CS 251: Assignment #5

Single and Multiple Linear Regression

Due 20 March 2015 (before you leave for spring break)

The goal of this project is to integrate simple linear regression into your project and then implement a multiple linear regression function into your analysis file. Incorporating the multiple linear regression into your full GUI is the obvious big extension.


  1. Implement an updateFits method, similar to updateAxes, that makes the linear fit move along with the data. Make sure updateFits is called wherever updateAxes and updatePoints is called.
  2. Test your implementation.

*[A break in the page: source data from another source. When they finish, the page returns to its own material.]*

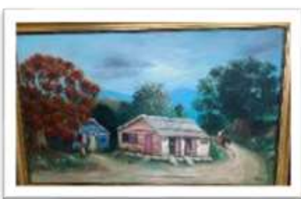
OBR-000027 AUTOR: JUAN EDUARDO RD$50,128.00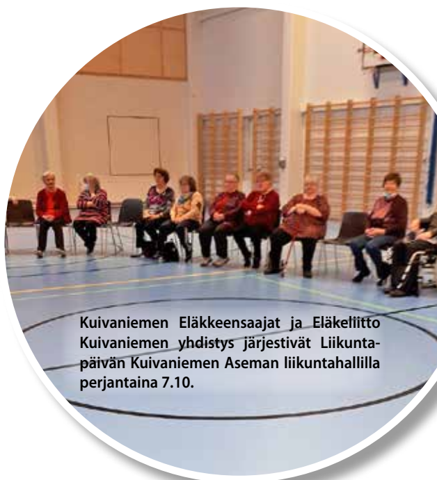
Kuivaniemen Eläkkeensaajat ja Eläkeliitto Kuivaniemen yhdistys järjestävät Liikuntapäivän Kuivaniemen Aseman liikuntahallilla perjantaina 7.10.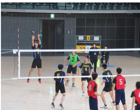
特体連バレーボール大会（男子）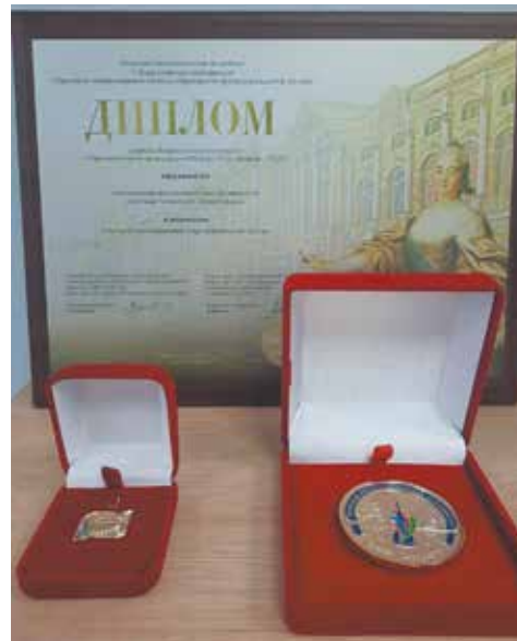
«Кванториум» признан лучшим в номинации «Лучший инновационно-образовательный центр»

А ещё АНО «Кванториум» стал одним из организаторов XII Всероссийского молодёжного форума «Профдвижение».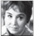
Jana Dítětová HEREČKA

• Jan Zrzavý *5. 11. 1890 Okrouhlice †12. 10. 1977 Praha Malíř. Bydlel na Zámeckých schodech.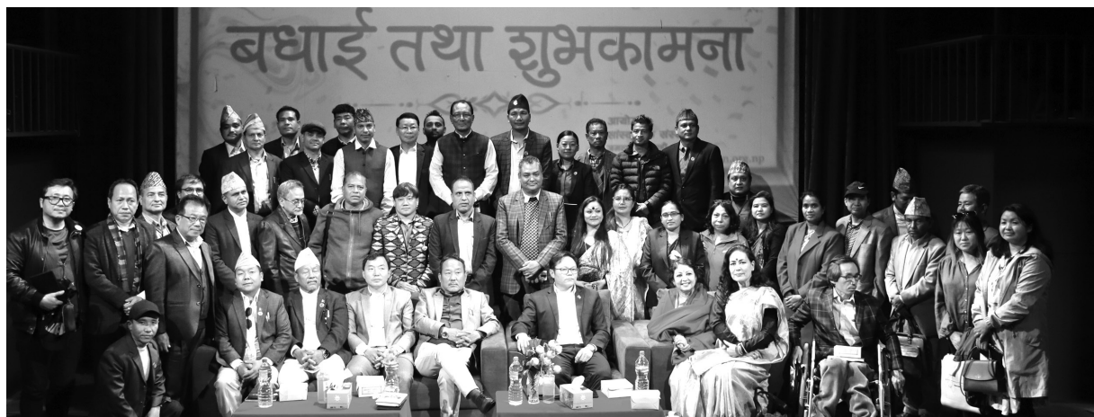
राजधानी समाचारदाता काठमाडौं

नेपाल प्रजा प्रतिष्ठान, नेपाल ललितकला प्रजा प्रतिष्ठान र नेपाल संगीत तथा नाट्य प्रजा प्रतिष्ठानका नवनिर्वात कुलपतिले विगतभन्दा केही फरक र जनमुखी काम गर्ने प्रतिबद्धता जहेर गरेका छन्। सांस्कृतिक संस्थान राष्ट्रिय नाचघरले आयोजना गरेको प्रतिष्ठानका पदाधिकारी एवं सदस्यलाई बधाई तथा शुभकामना प्रदान कार्यक्रममा उनीहरूले राम्रो काम नगरे पदबाट आफूहरू राजीनामा दिन पछि नपर्ने जिकिर गरेका छन्।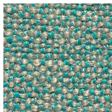
TYP / TYPE: EMERALD TÜRKIS MIT BEIGE / TURQUOISE WITH BEIGE

(50% LEINEN, 50% POLYCRY / 50% LINEN, 50% POLYACRYLICS)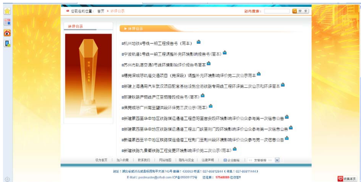
在“铁四院网站”刊登第二次公示和简本公示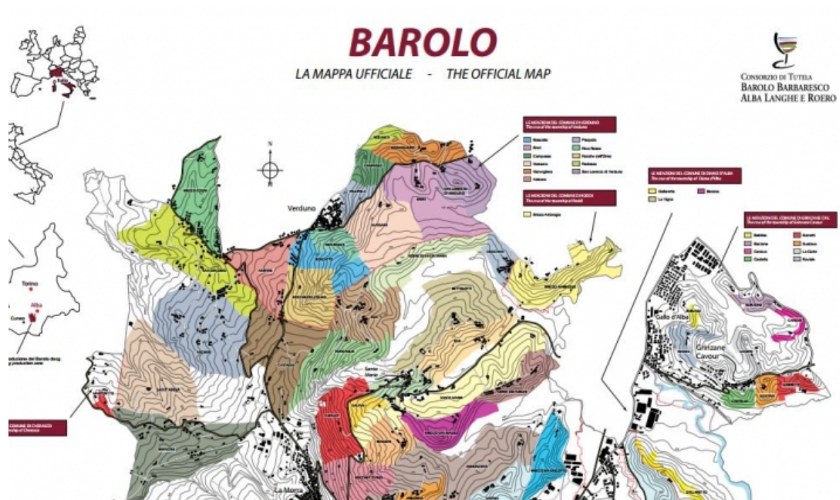
Afbeelding: screenshot van de MeGa app voor Barolo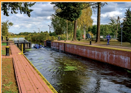
Śluza w Drawskim Młynie Schleuse in Drawski Młyn

Po pierwszej wojnie światowej kanał bydgoski znalazł się w Polsce, a reszta drogi wodnej Wisła - Odra została wzdłuż osi przecięta granicą państwową, co osłabiło jej znaczenie. Pomimo to uznano ją za najsprawniejszą i najpiękniejszą sztuczną drogę Rzeczypospolitej. Drogę tę obsługiwały dwie załogi - po południowej stronie polską, po północnej niemiecką.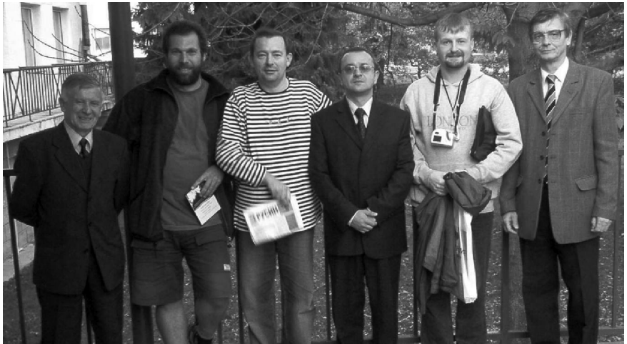
Участники конференции в Свиднике.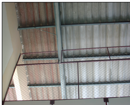
การจัดทำตาข่ายกันนก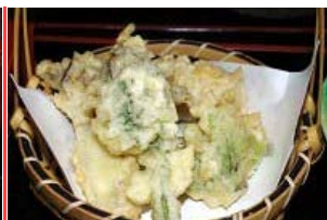
天婦羅 (拡大図は自然薯)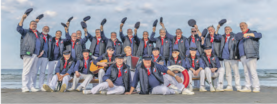
Die Blau-weißen Jungs suchen Verstärkung!

Ahrensböck (t). Wie schafft man es, neue Sänger für einen sehr aktiven und gut organisierten Shanty Chor zu gewinnen? Diese Frage stellen sich der Vorstand und die Sänger des Ahrensböcker Shantychores „Blau-weiße Jungs“ schon seit langem.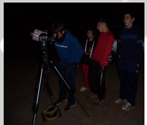
Muchos padres arrestaron a sus hijos por las notas en la segunda evaluación y no dejaron asistir a los chicos a esta actividad. Sin duda un error.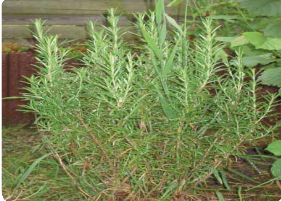
Figura 20. Tallos y hojas del romero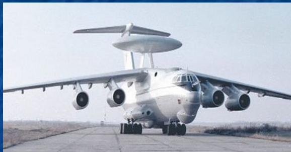
Самолет ДРЛОУ А-50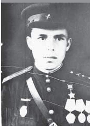
Герой Советского Союза Григорий Атаманчук (1922–1994)

Кроме того, отменяется ежеквартальное представление страхователем в территориальный орган Фонда социального страхования отчёта об использовании средств, направленных на финансовое обеспечение

Make sure everything works cleanly if you run a second linear regression, open a new file, go back and forth between plotting data and linear regressions, and translate/scale/rotate the screen. Make sure cancelling the linear regression dialog actually cancels the process.
  3. In your analysis class, create a new function linear_regression that takes in the data set, a list of headers for the independent variables, and a single header (not in a list) for the dependent variable. The function should implement linear regression for one or more independent variables. The algorithm is as follows. It's not a long function, but each step includes a description of what you are computing.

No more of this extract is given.